- Born: 1913 Cairo
- Died: 1968 (aged 54–55)

= Clea Badaro =

Egyptian artist (1913–1968)

Clea Badaro (1913–1968) was an Egyptian painter and designer who lived most of her adult life in Alexandria, Egypt.

==Early life and education==
Badaro was born in Cairo in 1913, on the island of Zamalek. After the death of her Greek mother, her father, who was a lawyer and business man, took his two daughters, Jeanne and Clea, to live with their maternal grandmother in Montreux, Switzerland.

Badaro attended school in Montreux until age sixteen and then enrolled at the Académie des Beaux Arts in Lausanne. There, she designed a number of posters, one of which she sold to Josephine Baker who was on tour in Switzerland at the time. In her final year, she was awarded the Grand Prix for her poster entitled L'Égypte, which was later acquired by the Egyptian Ministry of Communications. She graduated in about 1934.

==Career==
Badaro returned to Egypt after graduation and settled in Alexandria. During the war years, she worked in the hospitals and canteens frequented by soldiers returning from battle in the northern desert. During that time, she painted scenes of sailors, bars, and soldiers in cabarets, some of which today can be found in Egyptian museums of modern art. She established a studio in the Atelier of Alexandria. She was introduced there to the British novelist Lawrence Durrell, who was posted in Alexandria during the war as press attaché for the British Foreign Office. Badaro sketched Durrell, and he, in turn, would later portray her as the character "Clea" in his tetralogy: The Alexandrian Quartet.

Badaro was commissioned to design posters for charity fairs and exhibitions, but most of these are no longer to be found. When the war was over, Badaro began a series of character portraits. Then, in 1948, she spent the summer in the Dolomites, where, unusually for her, she composed a number of landscape paintings. Badaro painted many Bedouin women and the Egyptian fellaheen, portraying their graceful gestures, proud deportment, and flowing clothes. She also painted mother and child portraits and nudes.

In 1950, Clea Badaro married the Alexandrian artist Giovanni di Pietro. She then took part in several national and international exhibitions, including the Biennale of Venice, the Biennale of Alexandria, and exhibitions in São Paulo, Moscow, Leningrad, Madrid, and Barcelona.

Badaro also sometimes portrayed cats; one such painting, La Chatte, won a prize at the Salon du Caire in 1958. Horses often appear in her circus compositions.

In 1959, Badaro mounted an exhibition at the Galerie Lutétia in Cairo and was praised for her portrayal of the human body by Jean Moscatelli in Le Journal d'Égypte.

In 1963, Badaro travelled to Ravenna, Italy, where she began to paint groups of Egyptian women against a gold background which she worked with a knife to create a mosaic impression. Later, these paintings were dubbed "icons" by the Parisian press. The art historian Hilde Zaloscer, who taught at the University of Alexandria, compared Clea Badaro's fellaheen with characters in Pietro Della Francesca's frescoes in Arezzo.

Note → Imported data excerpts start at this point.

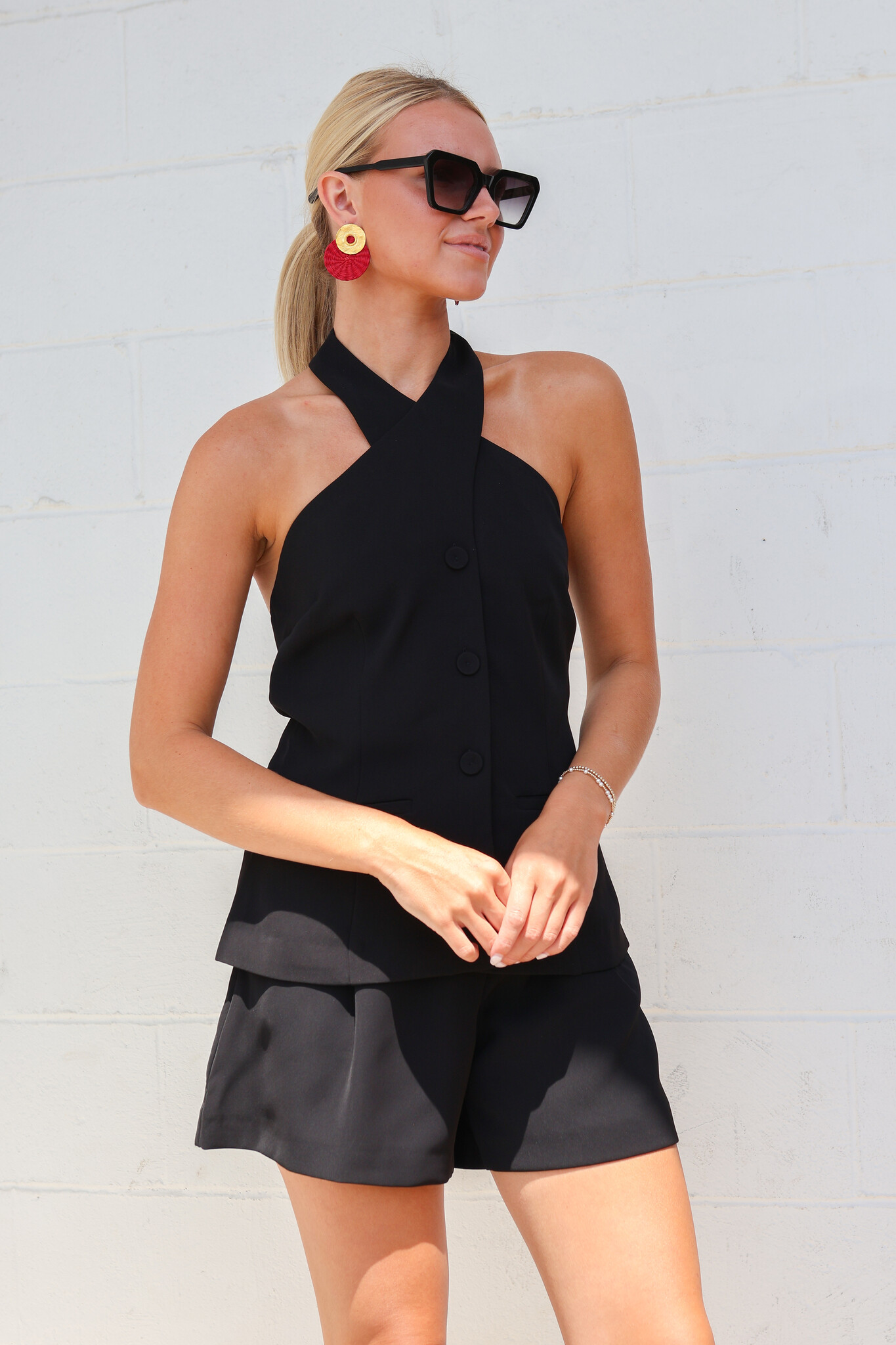 The Harry Cross Neck Vest reinvents the classic button-down with a crossover halter neckline and open back, bringing sleek sophistication to your wardrobe.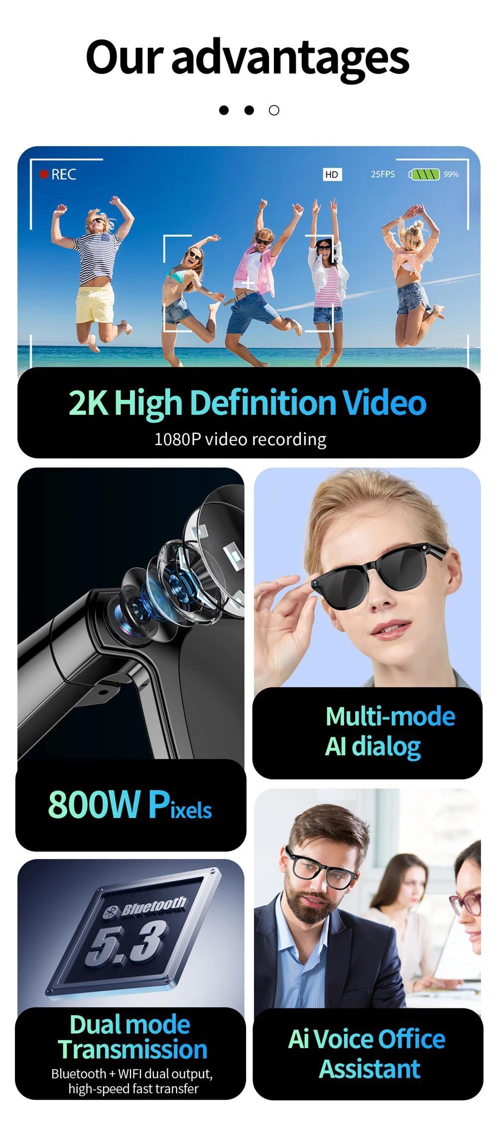 Women AI Smart Glasses 800W HD Camera Anti Blue Light The Map Translation Video Call Take Photos UV Protection Sunglasses Men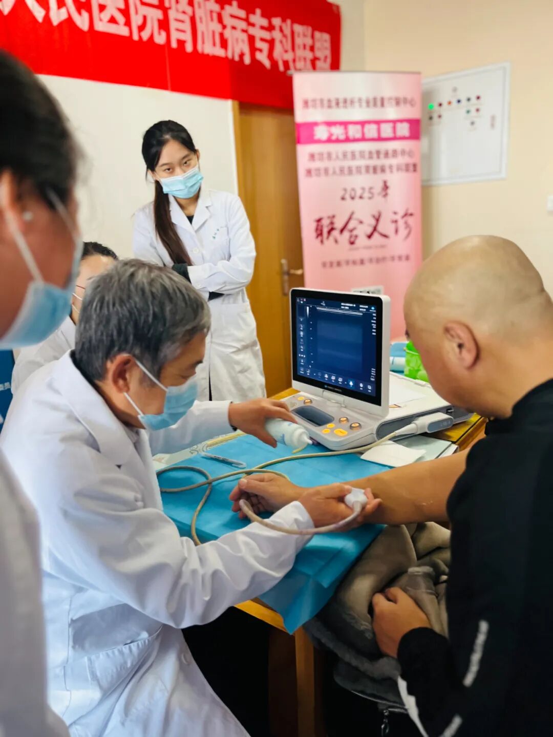 清晨的阳光洒进透析室,这里比往日更添了一份温暖与忙碌。来自潍坊市人民医院血液透析室专家早早来到现场,与我院血液透析室的医护团队紧密协作,共同为前来参会的透析患者进行了一场全面、细致的动静脉内瘘筛查与评估。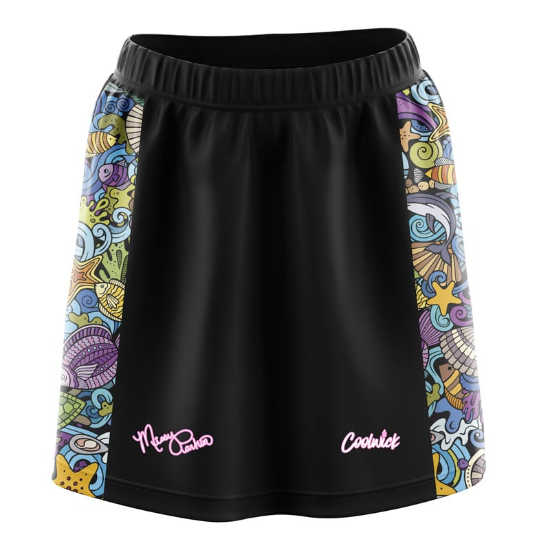 Gear up for a remarkable experience of performance, comfort, and style all rolled into one! Introducing the breathtaking Missy Parkin Ocean Fun CoolWick Bowling Skort – meticulously crafted with the latest and greatest custom design by CoolWick Staffer, Missy Parkin!

In 1961, Badaro's husband died and she herself experienced a decline in health. Her sister, Jeanne Engalytcheff-Badaro, began to spend more time in Alexandria, cared for her sister, helped to organize the Atelier's activities and wrote regular articles for its bulletin.

In 1969, the year following her sister's death, Jeanne Engalytcheff-Badaro organized a retrospective exhibition of her works at the Atelier of Alexandria: forty works were shown including oil and gouache paintings, pastels, brightly colored posters, charcoal and red chalk drawings. These exhibited many female characters: supplicants, weeping women, adolescents and tightrope walkers in bright light. In 1974, Engalytcheff-Badaro organized a retrospective exhibition of her sister's oil paintings, this time in Paris at the Galerie Weil.